Predicting motion once you have small time slices and very accurate 3d representations is very very easy. You can easily calculate expected paths. You have to remember that computers see the entire situation at the same time. A bike doesn't just cut off a self-driving car the same way it does for a human. Humans are slow, our increments of time are large and in the hundreds of milliseconds and we can only focus on a couple of things at a time. A computer will notice the slight change in velocity and acceleration within single-digit milliseconds. Then it just has to predict the probability of collision. These calculations are simple.
Deciding what to do in these situations can very much be efficiently hardcoded using decision trees. No one right now working on self-driving cars dares to use a neural network or any other unexplainable & unbounded ml algorithm for policy. You have to be able to hard code in new edge cases as they emerge. You have to be able to study specific crashes or incidents and then adjust the decision-making scheme to specifically avoid that situation in the future.

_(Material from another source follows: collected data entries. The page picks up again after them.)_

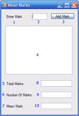 1. Below is the design for a form-based application using the list box control. Design the form as shown and complete the program so that, each time a mark is entered, the list box and text boxes are updated with the correct values.
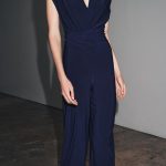 • V yaka, vatkalı kolsuz, drape detaylı, geniş paçalı uzun tulum.
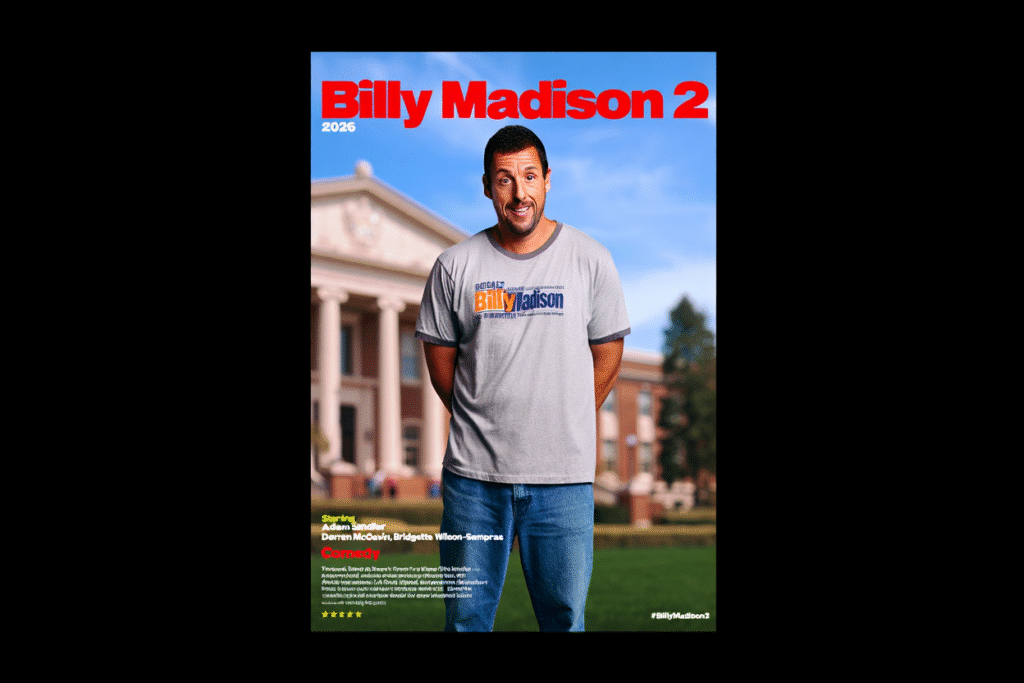Billy Madison 2 (2026) is the riotous comedy sequel we never knew we needed, bringing back the beloved man-child, Billy Madison, for another round of schoolyard antics, pranks, and immature wisdom. After years of thinking his days of childish hijinks were behind him, Billy (played by Adam Sandler) is dragged back to college by his teenage daughter, who challenges him to “finish school for real this time.” What follows is a hilarious blend of absurdity and heart as Billy once again tries—and fails—to act his age.
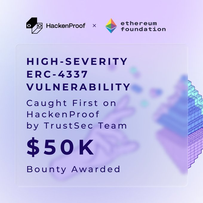HackenProof tự hào đóng góp vào công tác bảo mật của @erc4337. Thông qua chương trình săn lỗi nhận tiền thưởng của chúng tôi, @TrustSec đã phát hiện ra một cuộc tấn công DoS mức độ nghiêm trọng cao trong Yêu cầu bình luận Ethereum (ERC)-4337 — cho phép chặn giao dịch thông qua tấn công frontrunning và thao túng trạng thái hợp đồng (ví dụ: các cơ chế bảo vệ khả năng tái nhập), gây ra hiện tượng hoàn tác trong khi người dùng vẫn phải trả phí gas. twitter.com/HackenProof/status...
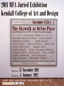 at Kendall College of Art & Design, of Ferris State University will be hosting graduate student artworks from Michigan colleges and universities. One of my pieces will be in the exhibition at Gallery 114. Opening reception and awards ceremony March 18th 6-8pm. Exhibition runs March 17-30, 2011.
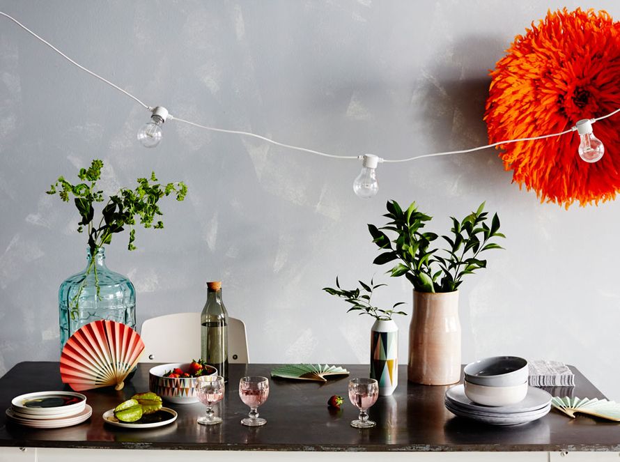 Kuvan tuotteet: Sulkakoriste, halkaisija 50 cm 490 e, Vinkel Shop. Valonauha 59,90 e/10 m, Granit.Hayn -viuhkat 7 e kpl, Viale. Vasemmalla Sääpäiväkirja -lautaset 27 e/ kpl, Marimekko. Niiden alla Menun nuden väriset lautaset 27,60 e kpl sekä harmaa ja valkoinen kulho 27,60 e kpl, Viale. Tine K:n valkoiset lautaset 22 e/ kpl, viinilasit 9 e/kpl, roosa vaasi 74 e, lasikarahvi 59 e ja servietit 12 e, Nougat. Ferm Livingin kuviollinen Spear -vaasi 52 e ja kulho 62 e, Pore helsinki. Kasvit Kukkakauppa Rose-Marie. Metallinen pöytä 90 x 185 cm, Vinkel Shop.
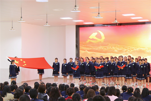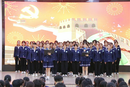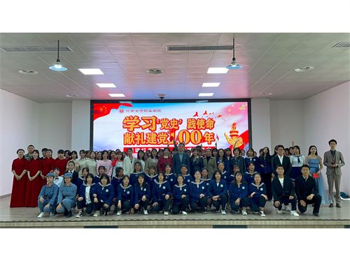 展演由教育学院同学带来的《使命如磐责任在肩》拉开序幕。随后,音乐学院、美术与设计学院、管理学院、教育学院的同学分别带来朗诵《党的100年》《党的礼赞》《歌颂建党一百周年》《回望红色经典,传承红色精神》《中国共产党——人民心中的太阳》《可爱的中国》《不朽》。展演过程气氛热烈,展示出新时代青少年昂扬向上、坚定向前的精神状态。展演结束,领导老师纷纷上台和选手们合影留念。

Truly, the hardest problem is taking in data from multiple sensors, segmenting it, and then labeling it. All in real-time. The sensors are faulty and super expensive. There are also so many different objects out there. If you actually look at the ancillary startups in this industry. They're not working on "common-sense" general intelligence algorithms. They're working to make better & cheaper lidar. They're working on computer vision problems. They're working on image segmentation.
Let's say you're driving through an intersection with a green light, and there's a pedestrian waiting to cross. The robot has the right of way and goes, but suddenly the pedestrian decides to cross in front of the vehicle. Even if the reaction time was 0.00 seconds it's too late to avoid a collision. The problem is the robot didn't anticipate that the pedestrian was going to cross despite not having the right of way. Humans are better at reading social cues than robots. Maybe robots can learn that, but it's a significantly harder problem than path planning and image segmentation. This applies further than pedestrians and also drivers and predicting their behaviors on the road. And if you try to drive cautiously to avoid this potential scenario, you effectively stop and crawl every time you see a pedestrian and are not very useful for moving from point A to point B (not to mention all the pissed off traffic behind you).

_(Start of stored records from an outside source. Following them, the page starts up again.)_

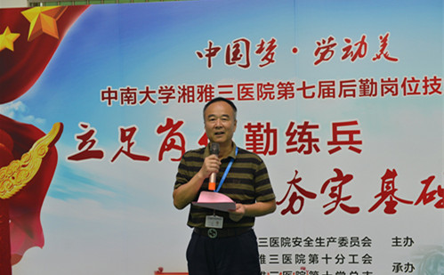 邓云龙在讲话中表示,在七七卢沟桥事变爆发八十五年纪念日举行这一活动非常有意义。当年日寇侵华,国家风雨飘摇,无数革命先烈前仆后继拯救国家危难,所以我们要珍惜现在的美好的生活,学习他们的精神,继承并发扬他们的优良品格。在刚刚过去的6月,是21个国家安全生产月,第七届后勤岗位技能竞赛也是紧紧围绕安全这一主题。安全也是所有工作的基础与前提。新湘雅大后勤人有着优良的传统,一直通过岗位技能竞赛来提升职工的工作能力与水平。希望这一传统一直坚持并发扬下去。各位后勤人也要一如既往在本职工作岗位上尽职尽责,学技术、练本领,技术上精益求精,切实保障和服务医院的发展,为祖国的强盛贡献自己的力量。
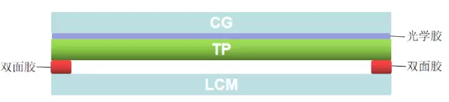从贴合技术上看,目前触摸屏的贴合技术分为三种:框贴(基础款)、零贴合(专业款)、全贴合(高级款),显示效果以此递增。框贴:触摸屏与显示屏之间使用双面胶将四边固定,如下图,框贴的技术难度低、成本低。由于使用双面胶粘合的显示屏和触摸屏之间存在空气层,该空气层会在光线折射后导致显示效果大打折扣。
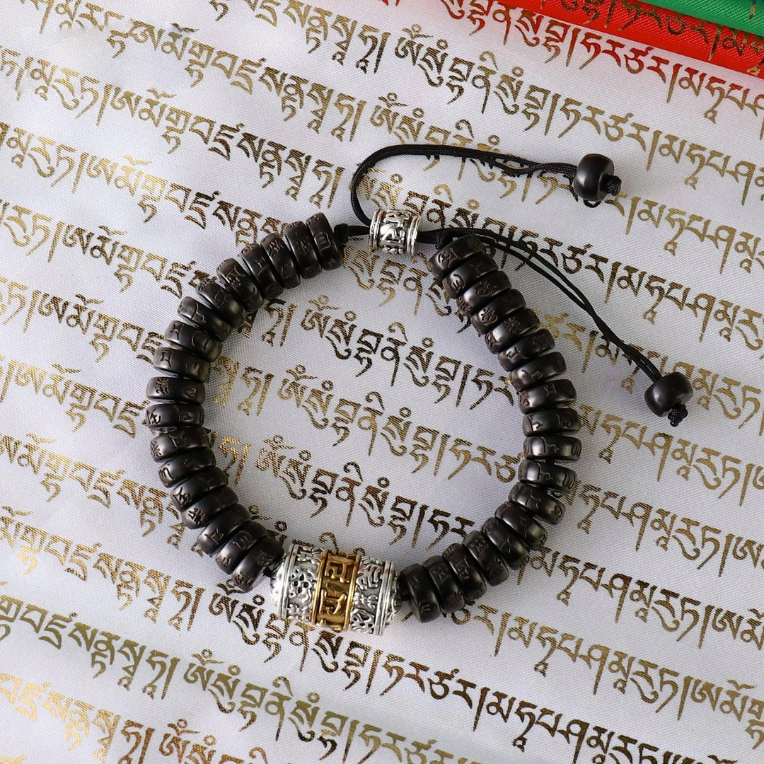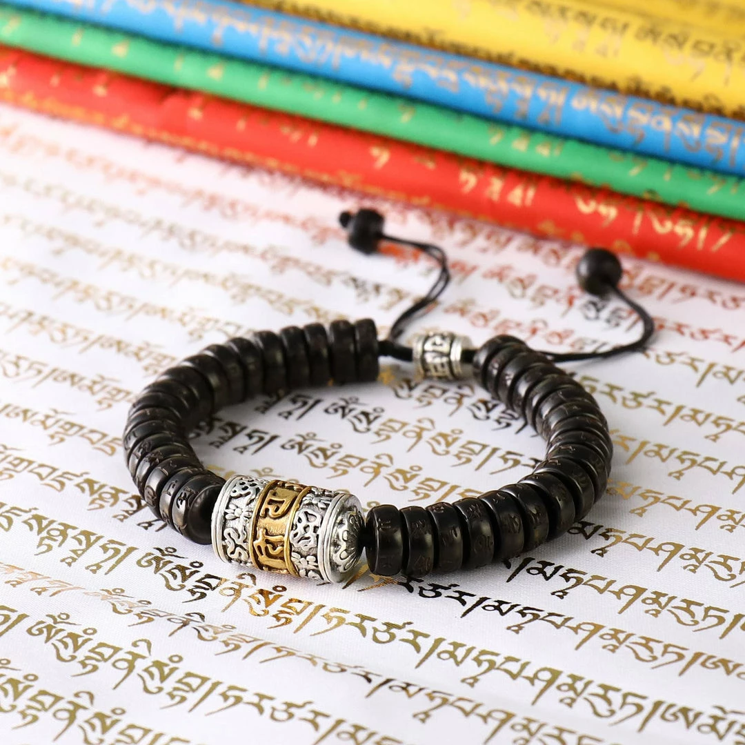 This Tibetan Bracelet is a handmade Vajra Charm White Copper Prayer Bell. It is made of natural coconut shell beads.

The reason it's difficult is because it's an uncontrolled environment, and the robot has to be able to anticipate what other drivers/cyclists/pedestrians will do. Robots have done wonders in controlled environments, but trying to bring them to the real world has always been a struggle.
The standard isn't "perfect under all conditions", it's "better than a human". Humans are, honestly, pretty bad at driving. The bar is not that high, perhaps unfortunately.

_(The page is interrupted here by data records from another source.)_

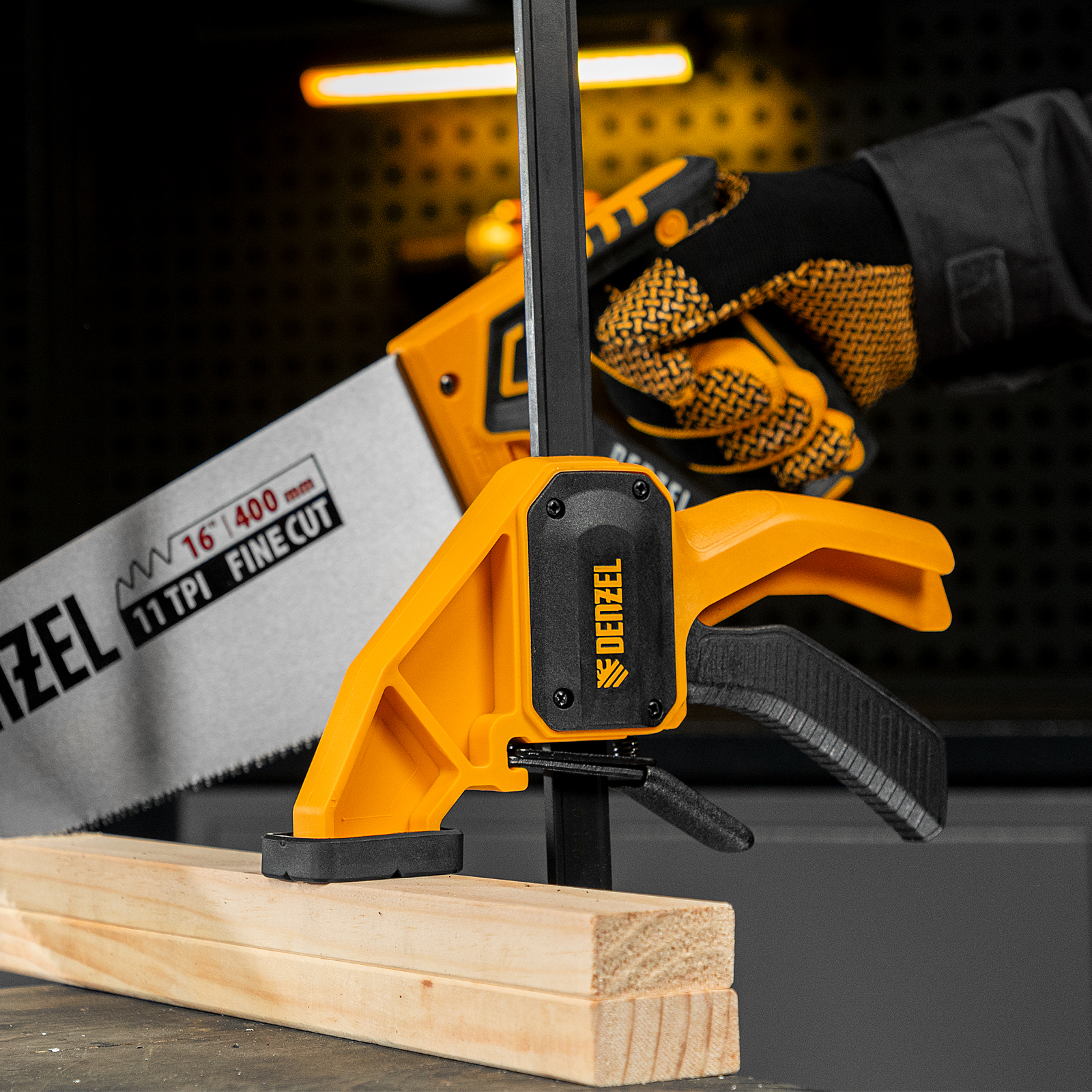 - Комфортное использование — струбцина весит всего 620 г, обрезиненная кнопка фиксации обеспечивает удобный захват.
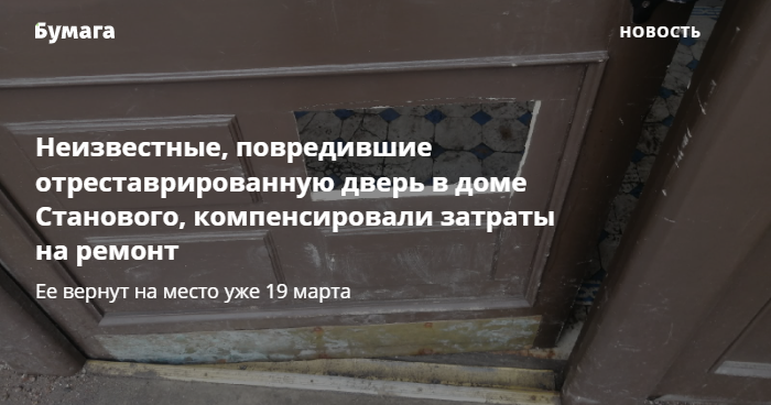 Один из неизвестных, повредивших ночью 13 марта дверь в доме Станового на Мытнинской улице, компенсировал затраты на ее ремонт, сообщил местный житель и активист Ярослав Костров. На место дверь планируют вернуть уже 19 марта.
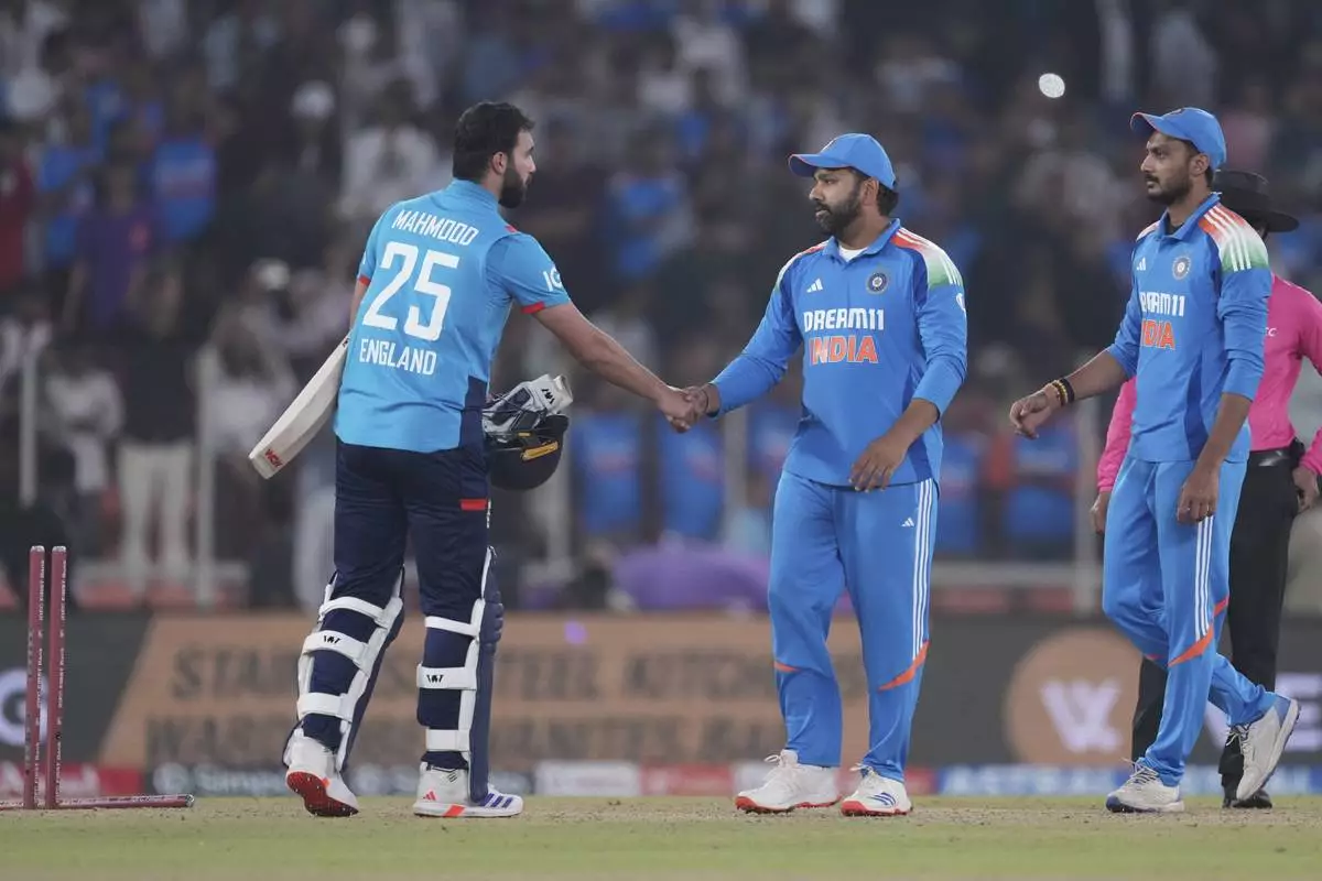 India's captain Rohit Sharma, second from right, shakes hand with England's Saqib Mahmood, left, after winning the third one day international cricket match and series against England in Ahmedabad, India, Wednesday, Feb. 12, 2025. (AP Photo/ Ajit Solanki )

Why does a robot driver need to anticipate this? Does a human driver need to?
If I'm walking up to a pedestrian crossing and a car is approaching, I don't just step out into the road, even though I have the right of way. I try to make eye contact with the driver to see if they recognize I'm crossing. They'll often nod or do something similar to signal that they're letting me cross.
A machine has to understand these social cues as well. It might even be helpful if the machine has a way to signal its intentions back to pedestrians.